- 16th World Scout Jamboree
- Location: Sydney
- Country: Australia
- Date: 1987–1988
- Attendance: 14,434 Scouts
| Previous 15th World Scout Jamboree | Next 17th World Scout Jamboree |

= 16th World Scout Jamboree =

The 16th World Scout Jamboree was held from 30 December 1987 to 7 January 1988, the first World Scout Jamboree held in the Southern Hemisphere, and the first to change the date from the traditional August to January to coincide with summer.

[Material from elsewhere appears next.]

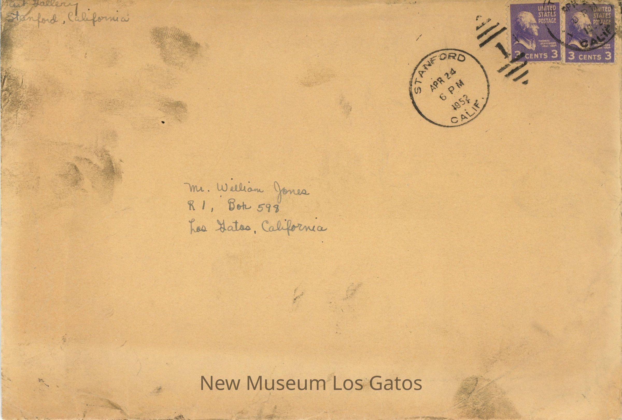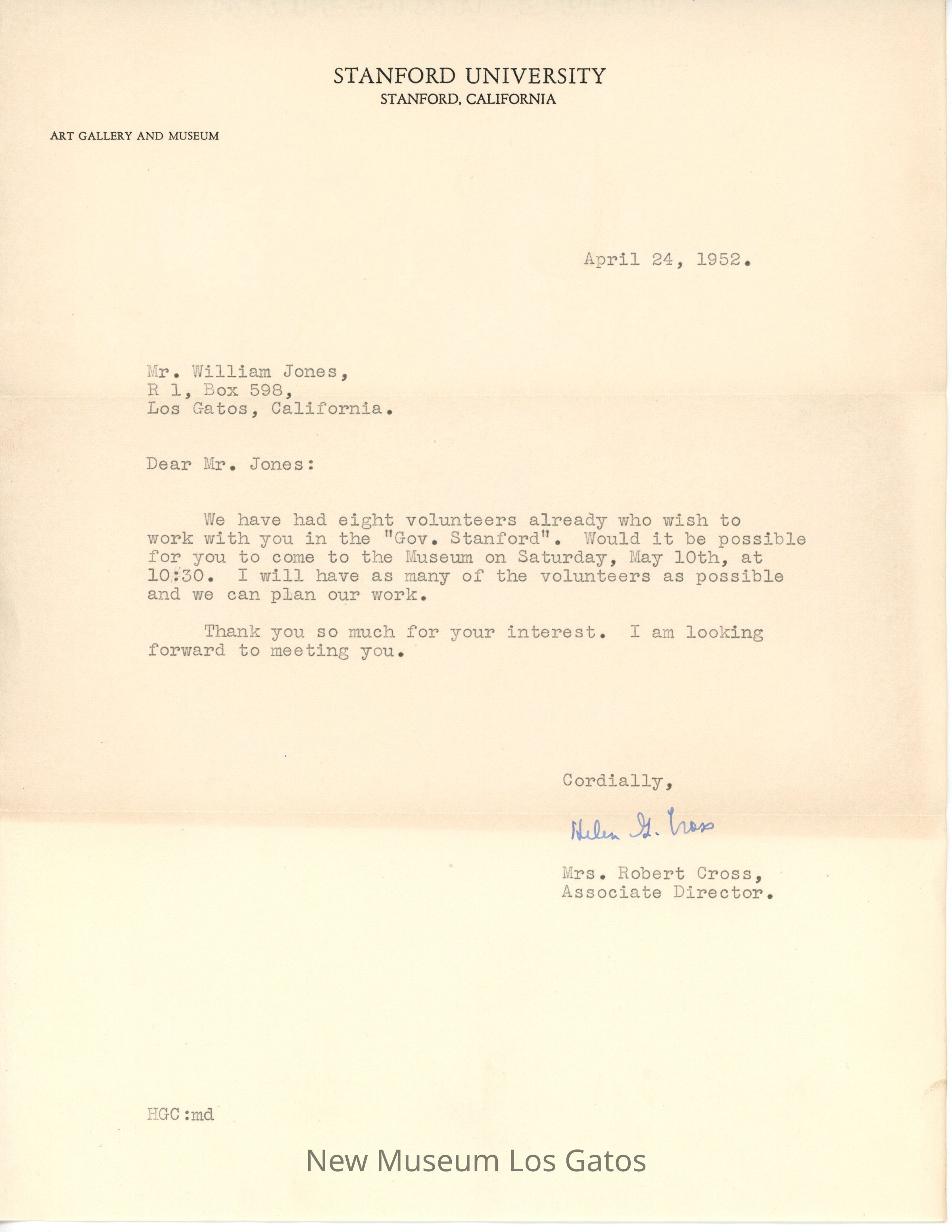 A typed letter to Billy Jones, from the Associate Director of the Stanford University Art Museum, inside an envelope that was mailed. The letter asks if Mr. Jones wants to come to the museum to meet with some volunteers who have offered to work with him on the "Gov. Stanford."Collection

The Jamboree was hosted by Australia at Cataract Scout Park a specially constructed Scout tent city situated on a 160-hectare site at Appin, New South Wales, near Sydney, New South Wales. 14,434 Scouts from 84 countries attended the Jamboree, with around 13,000 more in attendance on "Visiting Day". The theme was Bringing the World Together.

The course of New Year's Day passed during the Jamboree, and the opening ceremony of the Jamboree, at midnight on 31 December 1987, was the first official event of Australia's Bicentenary.

Highlights included the Challenge Valley obstacle course, the Bike Bungle, and the Great Aussie Surf Carnival, for which all Scouts were shuttled in over 50 buses to Thirroul Beach.

The United Kingdom contingent included Betty Clay, daughter of the founder of Scouting, and eleven members of the Baden-Powell family, nine of whom were direct descendants of Robert Baden-Powell, 1st Baron Baden-Powell. In addition 18 Ranger Guides attended, the first time members of the Guide Association were allowed to take part in a World Jamboree.